Самолёт остановился. Все наши парни были взбешены. Кому-то захотелось разрушить самолёт, кому-то захватить пленных и расстрелять их на месте, кому-то сначала набить морду пленным, а потом расстрелять их. Короче, в наших бедных мозгах воцарилось коллективное агрессивное безумие.
— Ну да, тот ещё героизм — сорок против одного.
— На самом деле, были проблемы с мотором. Пилот спустился на землю, спокойно, даже вроде бы удивлённый нашим присутствием в этом месте, или слегка смущённый от того, что потревожил нас. Он даже показался слегка робким, но если бы я смог взглянуть ему в глаза, то убедился в том, что он весьма забавлялся, видя, какую мы устроили суматоху из-за него. Он оглядел нас всех. И мы вдруг смолкли, как будто по волшебству. Прибежал майор и заговорил с ним по-французски. Тот ответил ему по-немецки. Майор узнал, точнее, догадался, кто был перед ним.
— И кто же?
— Самый великий среди нас, но также и наш свидетель, сумевший найти слова, чтобы пересказать наши илиады и одиссеи.
— Последний принц! Ты никогда не рассказывал мне об этом. Он что рехнулся? Прогуливаться вот так по Германии? Само небо стало другим.
— Он прибыл из Берлина.
— После него, уже нет никого, с кем бы его сравнить. Само небо изменилось.
Майор позвонил в Берлин, чтобы получить инструкции. Сам Геринг приказал ему принять пилота со всеми почестями, которые ему полагались, а также починить его мотор. Он оставался у нас несколько часов. Ему заправили баки. Он улетел.
Затрещало радио. Уже очень поздно или очень рано. ВВС передаёт репортаж о каком-то городе в Нормандии, отвоёванном Союзниками. Слышны крики радости, фанфары, шум ликующей толпы, дающей волю своему торжеству. И вдруг удар, разлетаются осколки разбитого стакана. Кто-то запустил пивную бутылку, чтобы заставить аппарат заткнуться.
— Мы уже ничего не стоим. Подобно разбитым солдатам.
— Не знаю, ничего уже не знаю.
— Когда-то воины шли на поиски рая. Куда отправимся мы?
— От нас требуют самопожертвования. Но зачем? Жертва не есть самоуничтожение. Это добровольный вклад в то, что есть, в то, кем надеются стать, в ценности, созидающие Человека и с ним человечество, то самое человечество, которое выражает себя и свою цену тем, что создаёт Людей. Человечество не может развиваться, пожирая своих детей, подобно минотавру, который жил только благодаря жертвоприношениям.

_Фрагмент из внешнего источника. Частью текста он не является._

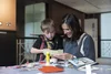 A photograph of an event for Art Fund at Manchester Museum in which a woman and her son make art from craft materials
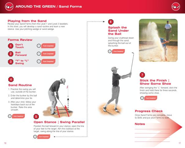 Review your Sand Forms from the Level 1 and Level 2 booklets . In this level , you will develop a sand routine and learn a new stance . Use your pitching wedge or sand wedge .
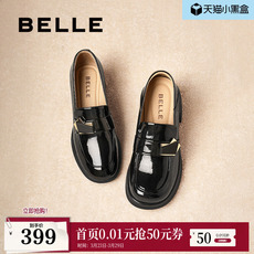 百丽粗高跟乐福鞋女春新款一脚蹬黑色小皮鞋单鞋子D7E1DAA5预
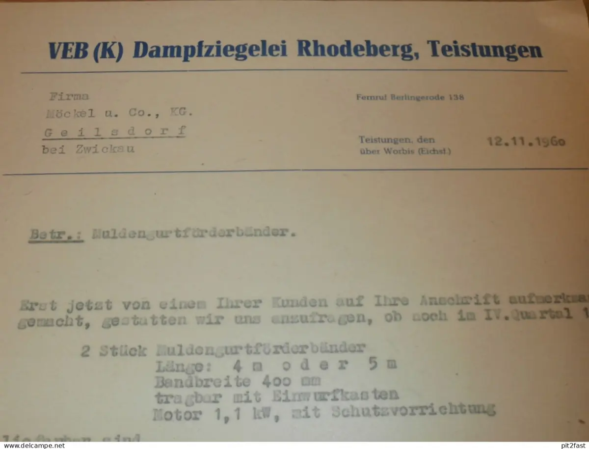 VEB Dampfziegelei Rhodeberg - Teistungen , 1960 , Worbis , altes Dokument , Reklame / Werbung !!
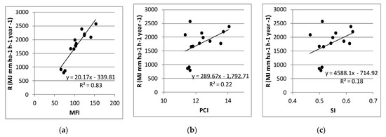 Scatter plots and linear regression lines of mean annual erosivity R vs. mean annual MFI (a), PCI (b), and SI (c) at 14 stations.
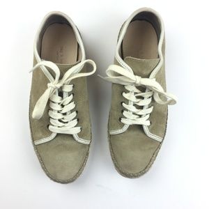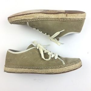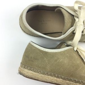 Rag & Bone "Baylor" espadrille lace up suede sneaker in stone color. These modern sneakers feature a braided jute sole. In used condition with visible signs of wear (see images). Size is women's EUR 37.5 / US 7.5.
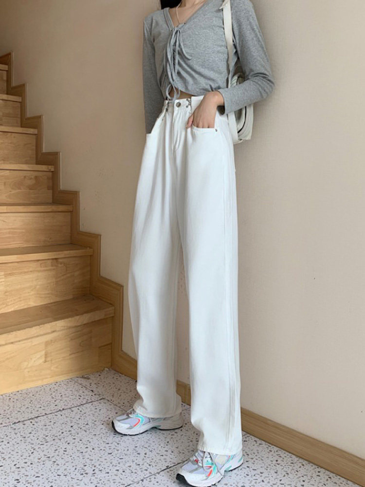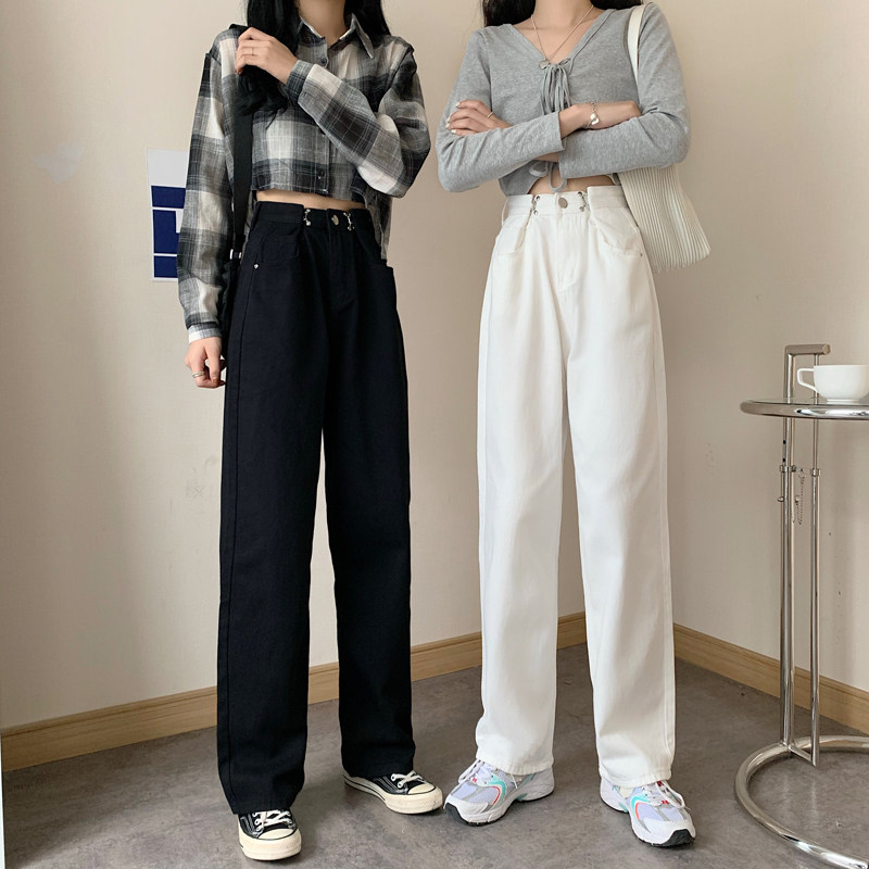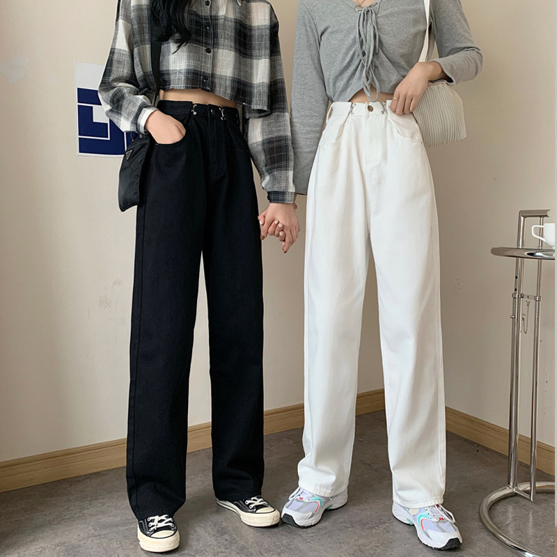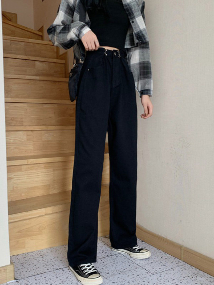 Джинсы, демисезонные осенние штаны для школьников и студентов, коллекция 2023, высокая талия, свободный прямой крой, стройный силуэт
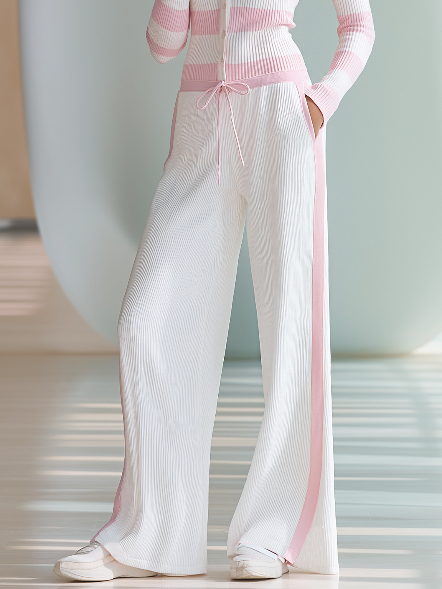 This Pink And White Striped Knit Cardigan And Wide-leg Pants Set is the perfect addition to any fashion-forward wardrobe, offering unmatched comfort while maintaining a stylish edge. Ideal for those who appreciate versatility and effortless style.
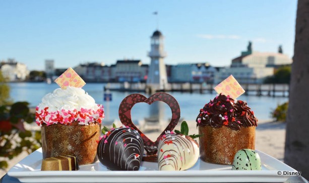 If you like to have your cupcakes and eat them too (plus you’d like a couple other things), then head to the Beach Club Marketplace for the Sweetheart Dessert. It includes Cupcakes, Chocolate Covered Strawberries, and Chocolate Truffles. Best of all — there’s two of everything, so no sharing required. 🙂

— У нас во Фляйне в школьной библиотеке была толстая книга, которая рассказывала о знаменитых жертвоприношениях людей ацтеками. Их боги требовали крови людей, чтобы жить, процветать, существовать. Все эти рисунки приводили меня в ужас и буквально гипнотизировали. Иногда мне хотелось быть воином, приносящим священникам свой урожай пленников, чтобы удовлетворить их жажду крови. Иногда мне хотелось спасти их. Я влюбился в образ молодой красивой женщины, привязанной к жертвеннику. Она была брюнеткой. Её тщательно завитые локоны, прикрывавшие нагое тело, защищали невинность. Я мечтал лишь о том, чтобы подняться во времени и вырвать её из когтей палачей. С тех пор все приношения людей в жертву стали для меня одиозными. И всё же именно этим мы занимаемся, когда жертвуем этих бедных людей, эти семьи, этих побеждённых воинов, чтобы удовлетворить кровожадного параноика. Как же нас оболванили до такой степени? И ты ещё требуешь от меня самопожертвования? Но к чему? Чтобы замедлить наступление, которое уже никому не дано остановить? Чтобы отложить на потом время обновления, мгновение, когда солнце заставит, наконец, отступить мглу варварства, чтобы помешать свету ласкать наши цветы, чтобы они расцветали. Неужели тебе хочется, чтобы эти цветы продолжали увядать, неужели ты хочешь запретить им возрождаться с появлением зари?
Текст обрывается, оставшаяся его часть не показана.